A few days later, I decided to go out to Redwood Regional Park because I’m a person who goes hiking now, and also I wanted to totally envelop myself in absolute silence. I was still getting used to the absence of my tinnitus, but I wanted to know what it felt like to hear absolutely nothing again. Although I had gotten used to how quiet things were, I wanted to hear a complete absence of sound. I drove out to the park and delved deep into the woods.

Armed with my water bottle, my camera, and what felt like a brand-spankin’ new ear, I ventured through the trees and brush, stopping almost constantly to look around and marvel at the silence.

After a few minutes of walking, I’d slow my breath, stand still, and just listen. It was incredible. There were so many long moments of total and complete silence. Every so often, sounds of other hikers, dogs, birds, wind, and more would trickle in, but I didn’t mind; I could hear it all. And I only had to wait a few moments more to hear nothing again.

It felt like a weight I didn’t even know I had had been lifted from my shoulders. It felt like I was experiencing everything for the first time. It felt like I could finally get some sleep.
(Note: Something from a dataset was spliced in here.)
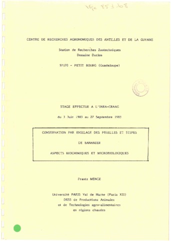 Mence F.. 1985. Conservation par ensilage des feuilles et stipes de bananier. Aspects biochimiques et microbiologiques. Maisons-Alfort : CIRAD-IEMVT, 141 p. Mémoire DESS : Productions Animales en Régions Chaudes : Université de Paris-Val-de-Marne

I’ve written and deleted and rewritten and deleted sentence after sentence trying to describe this feeling, and I’ve come to the conclusion that, corny as it sounds, words really can’t describe it. I don’t have any words for the feeling of sudden, unexpected, and unexplainable relief from an untreatable disorder I’ve lived with for most of my adulthood, followed by fear of its return, and amazement at the concept of sound and its varying volumes.

I almost can’t believe it’s really gone, and find myself zoning out, listening to the world around me with an absence of the dreaded whoosh…whoosh…whoosh at every waking moment. I sometimes even strain my neck or shake my head, wondering if I’ll trigger its return. It’s not that I want it back; I don’t. I’m just testing to see if it’s really, really gone.

And I don’t know if the tinnitus is gone forever, or just a little while, but I think I’ll be ok either way. In the 6 years I had it, I learned to adapt to it and how to cope with it, so I know if it does come back that I’ll be ok. But, at least for now, I’d like to continue enjoying silence.